_What to work on:_ Should any entry include an image, skip the image and copy the entry exactly.

_Records to process:_

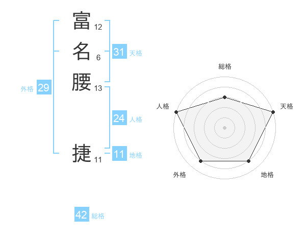 富名腰 捷さんを姓名の画数から五運を鑑定
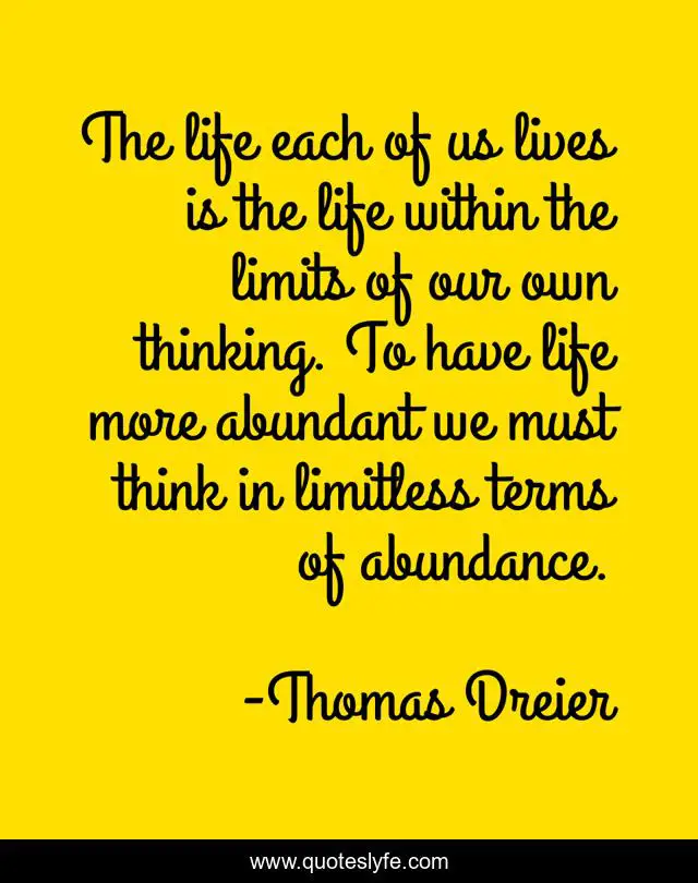 This page presents the quote "The life each of us lives is the life within the limits of our own thinking. To have life more abundant we must think in limitless terms of abundance.". Author of this quote is Thomas Dreier. This quote is about positive, confidence,.
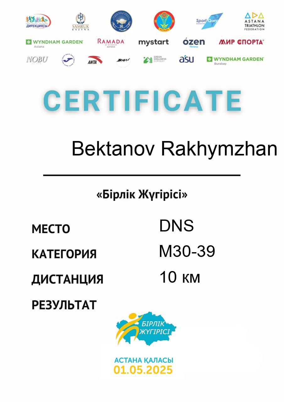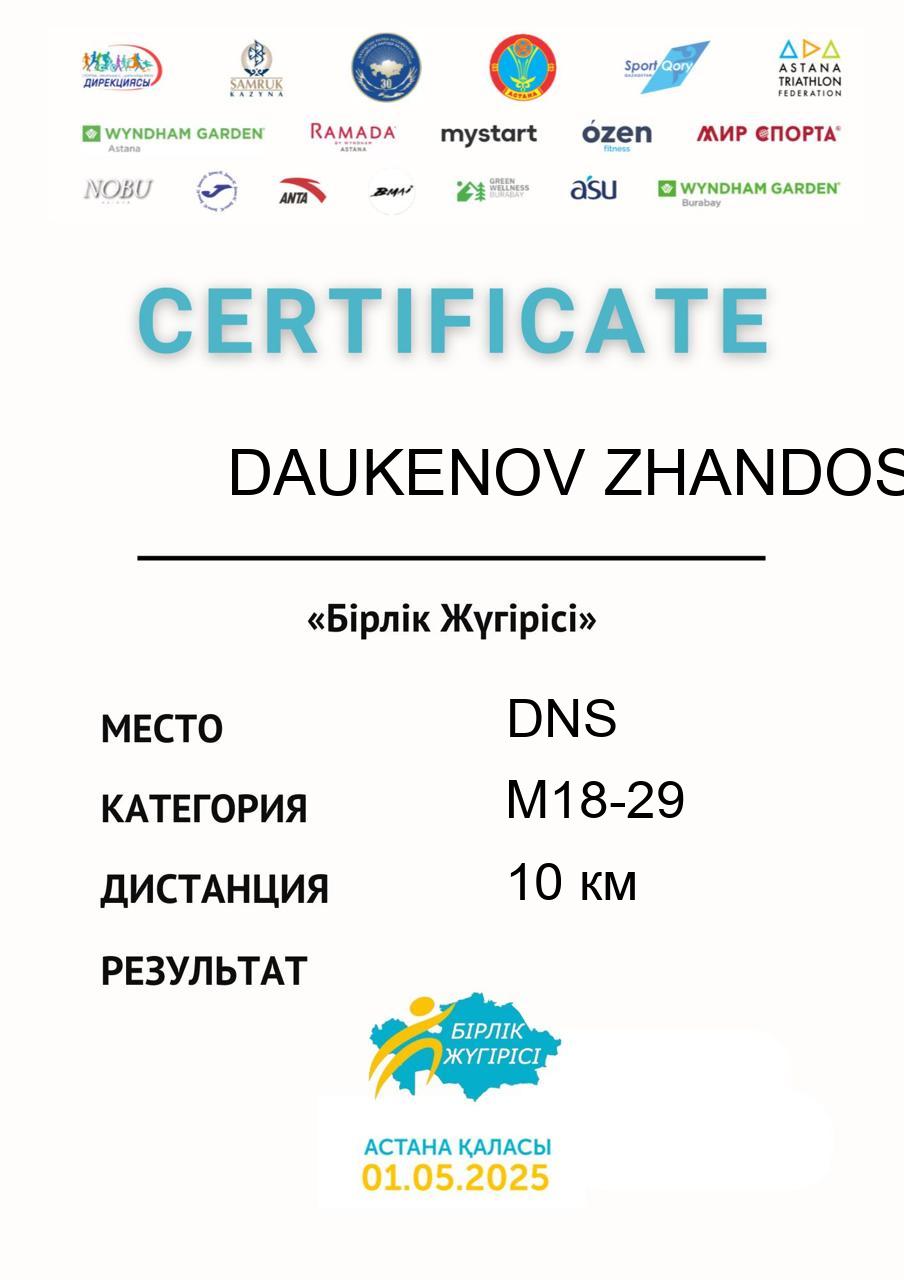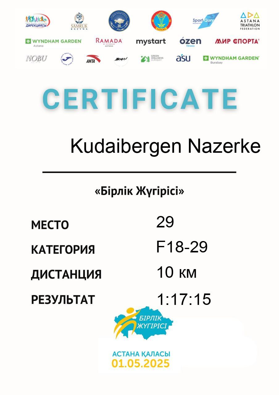 | DNS | Balmagambet Aktolkyn | 69 | F18-29 | 5 км | Скачать | |||
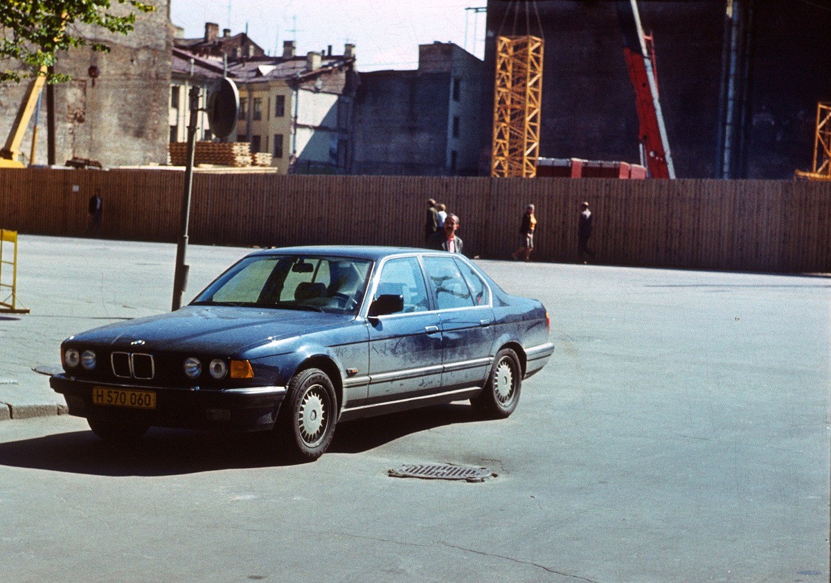БМВ 7-й серии на иностранных номерах. А позади - снесённый «Англетер»
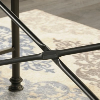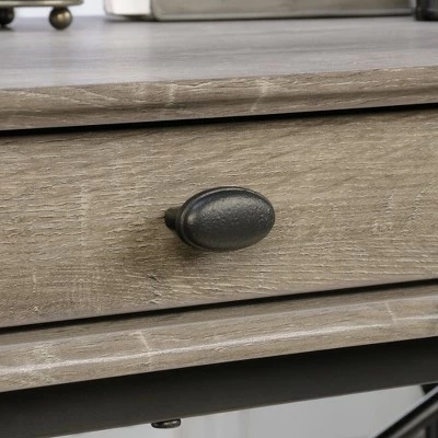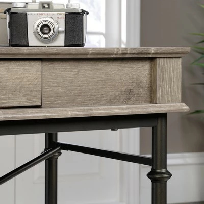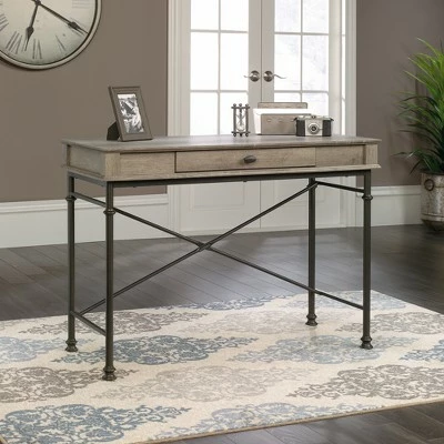 Add some gritty but charming inspiration to your home office or workspace with this console desk from the Canal Street collection. Its spacious tabletop provides you with room for all your office essentials. It also features a drawer with a flip down front and full extension slides for extra storage space. Finished on all sides in Northern Oak with a decorative, powder-coated metal frame, this industrial age inspired desk is ready to work for you.
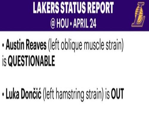 北京時間4月24日,湖人目前總比分2-0領(lǐng)先火箭,官方更新了G3的傷病報告。好消息是里夫斯(左側(cè)腹外斜肌拉傷)的狀態(tài)升級為出戰(zhàn)成疑,G3有望復(fù)出。東契奇繼續(xù)被列為缺戰(zhàn)狀態(tài),籠罩球隊的最大疑問依舊沒變:東契奇何時復(fù)出?

_Result:_
 富名腰 捷さんを姓名の画数から五運を鑑定
 This page presents the quote "The life each of us lives is the life within the limits of our own thinking. To have life more abundant we must think in limitless terms of abundance.". Author of this quote is Thomas Dreier. This quote is about positive, confidence,.
 | DNS | Balmagambet Aktolkyn | 69 | F18-29 | 5 км | Скачать | |||
БМВ 7-й серии на иностранных номерах. А позади - снесённый «Англетер»
 Add some gritty but charming inspiration to your home office or workspace with this console desk from the Canal Street collection. Its spacious tabletop provides you with room for all your office essentials. It also features a drawer with a flip down front and full extension slides for extra storage space. Finished on all sides in Northern Oak with a decorative, powder-coated metal frame, this industrial age inspired desk is ready to work for you.
 北京時間4月24日,湖人目前總比分2-0領(lǐng)先火箭,官方更新了G3的傷病報告。好消息是里夫斯(左側(cè)腹外斜肌拉傷)的狀態(tài)升級為出戰(zhàn)成疑,G3有望復(fù)出。東契奇繼續(xù)被列為缺戰(zhàn)狀態(tài),籠罩球隊的最大疑問依舊沒變:東契奇何時復(fù)出?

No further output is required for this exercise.